*DIRECTIONS FOR THIS TASK:* Quote the records exactly, starting at the first line and stopping after the line with "Lady Dior Bag"; skip the pictures.

[TASK DATA Boundary: Start]

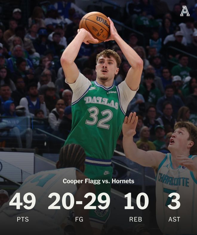 7.弗拉格49分打破独行侠队史新秀得分纪录;
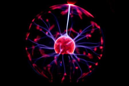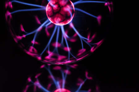 Close up - plasma ball with many energy rays inside. Electricity, education, science, futuristic, technology and physics concept
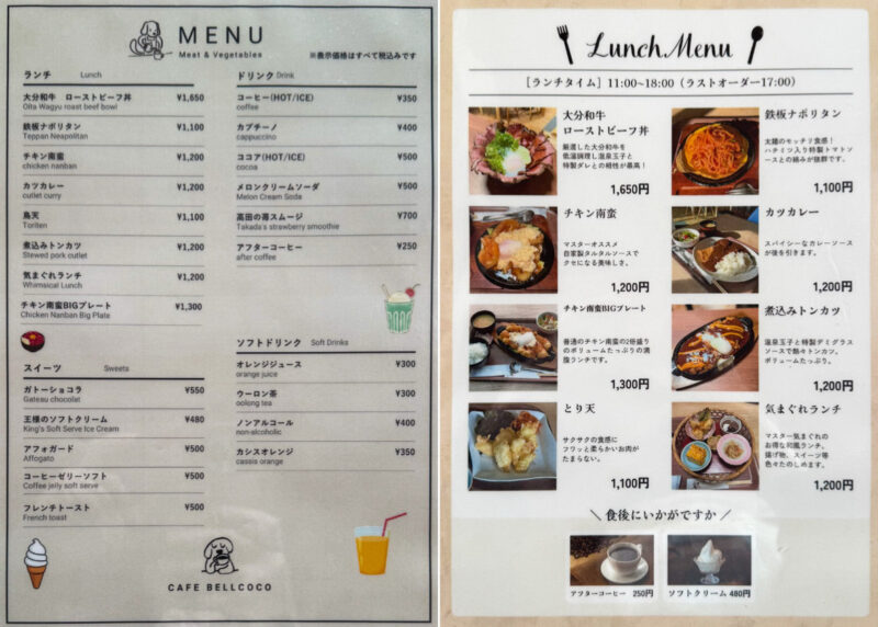 ボリューミーなランチ、スイーツ、ドリンクのメニューです。
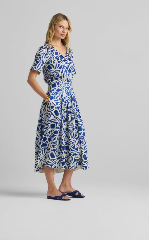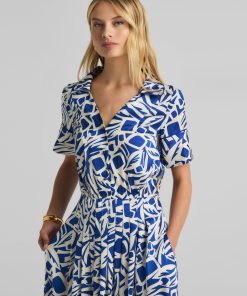 A vintage-inspired button-front shirt dress features short sleeves and a midi length, while a bold botanical pattern livens up the timeless look.All Sales are Final. No Returns or Exchanges.
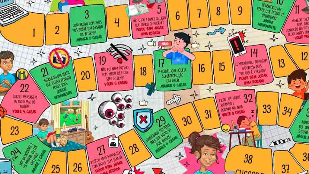Para brincar, é preciso baixar e imprimir o material, que está disponível no site da Internet Segura, e então recortar e montar um dado e alguns personagens disponíveis no jogo. Depois, basta jogar esse dado e ir pulando as casas correspondentes até chegar ao destino final.
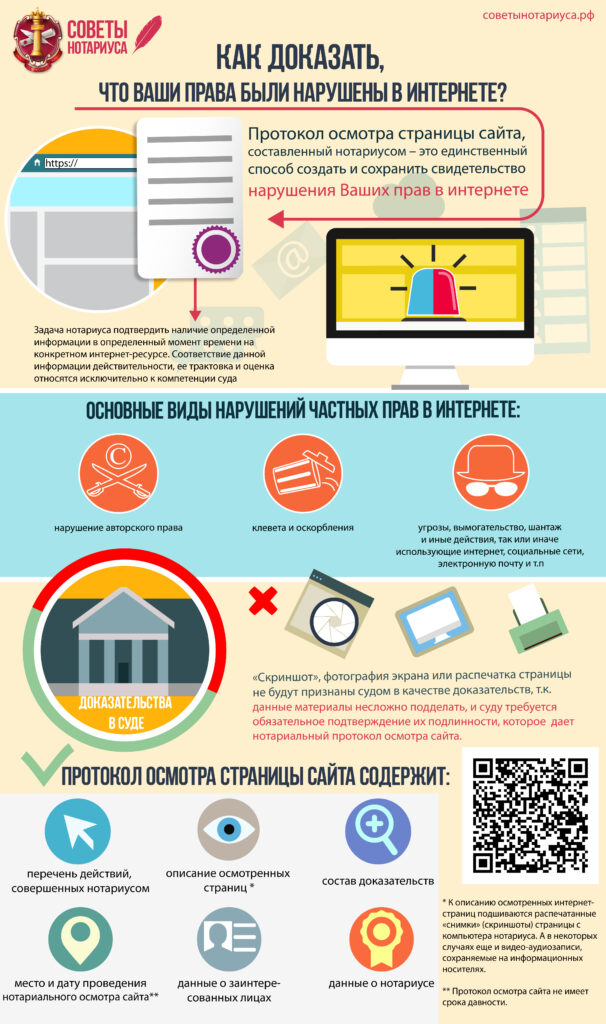 В последнее время обеспечение доказательств в Интернете становится все более востребованной услугой. Со стремительным ростом количества сайтов растет и необходимость обеспечения доказательств в Интернете. Обеспечение доказательств в Интернете может осуществляться для подтверждения нарушения фактов при следующих нарушениях:
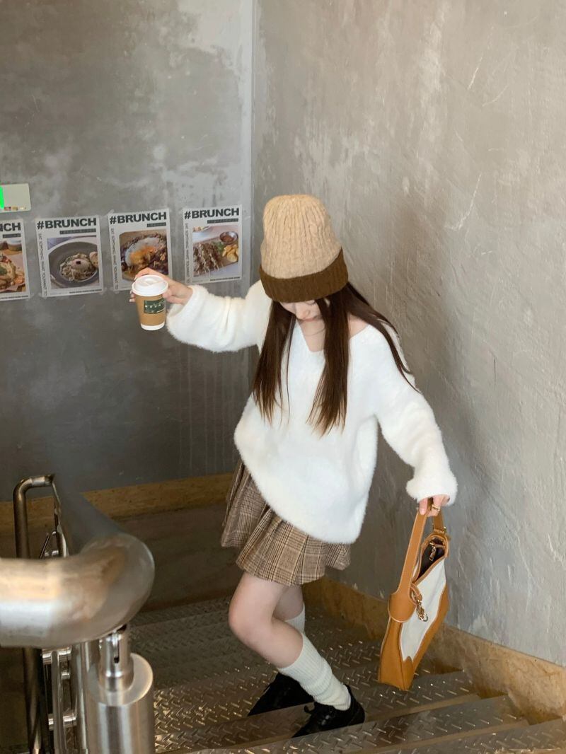 2022冬INS★レイジー風レトロ エレガント Vネック フワフワ  ニットセーター
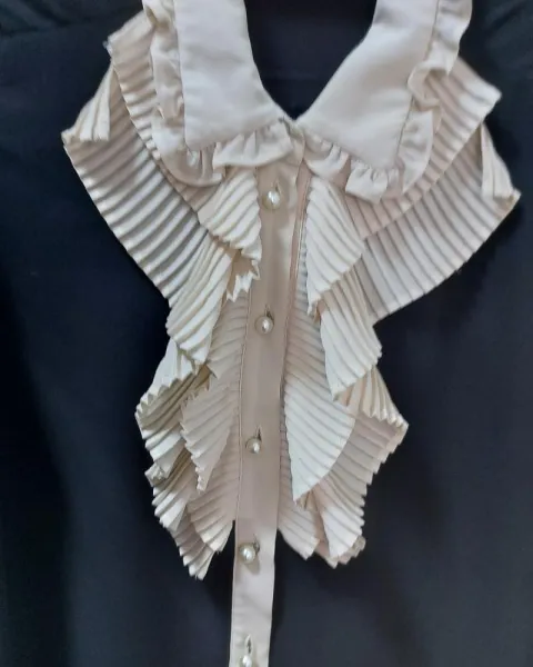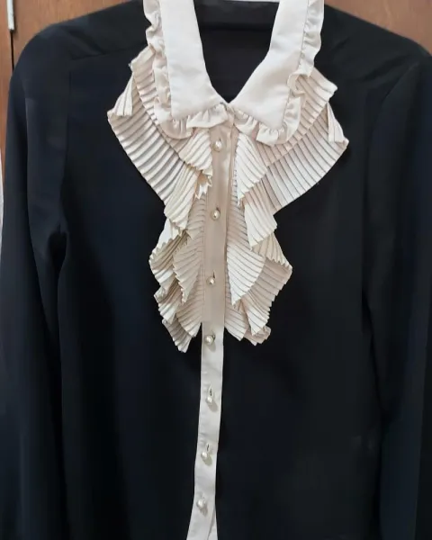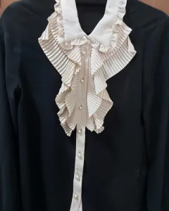 Blusa de olanes. Hermosa talla ch color negro con olanes beige nueva si etiqueta
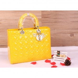 Lady Dior Bag Medium Bag D1667 Yellow Patent Leather Silver
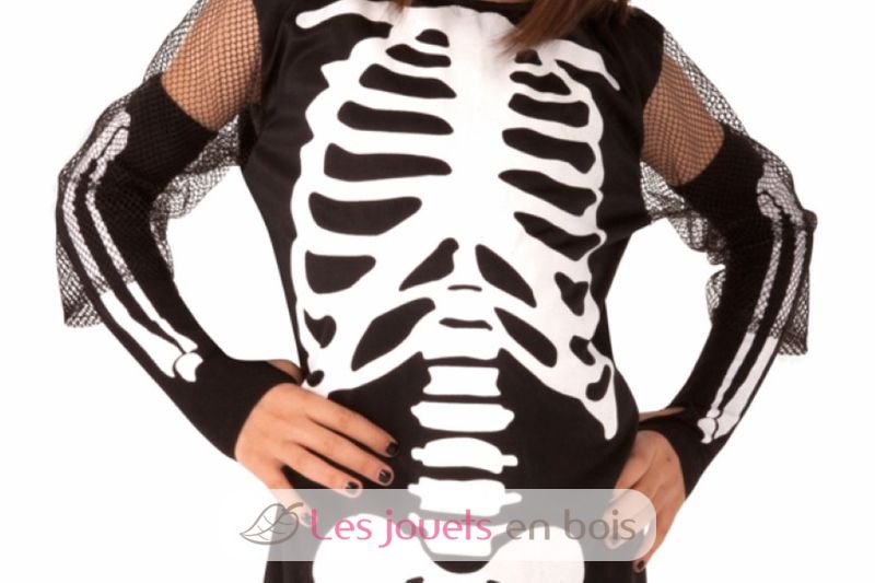 Questo costume per bambini include un abito nero senza maniche con stampa di uno scheletro bianco, un paio di polsini neri con bordo in tulle e un paio di calze stampate.

[TASK DATA Boundary: End]

*EXERCISE RESULT:*
 7.弗拉格49分打破独行侠队史新秀得分纪录;
 Close up - plasma ball with many energy rays inside. Electricity, education, science, futuristic, technology and physics concept
 ボリューミーなランチ、スイーツ、ドリンクのメニューです。
 A vintage-inspired button-front shirt dress features short sleeves and a midi length, while a bold botanical pattern livens up the timeless look.All Sales are Final. No Returns or Exchanges.
Para brincar, é preciso baixar e imprimir o material, que está disponível no site da Internet Segura, e então recortar e montar um dado e alguns personagens disponíveis no jogo. Depois, basta jogar esse dado e ir pulando as casas correspondentes até chegar ao destino final.
 В последнее время обеспечение доказательств в Интернете становится все более востребованной услугой. Со стремительным ростом количества сайтов растет и необходимость обеспечения доказательств в Интернете. Обеспечение доказательств в Интернете может осуществляться для подтверждения нарушения фактов при следующих нарушениях:
 2022冬INS★レイジー風レトロ エレガント Vネック フワフワ  ニットセーター
 Blusa de olanes. Hermosa talla ch color negro con olanes beige nueva si etiqueta
 Lady Dior Bag Medium Bag D1667 Yellow Patent Leather Silver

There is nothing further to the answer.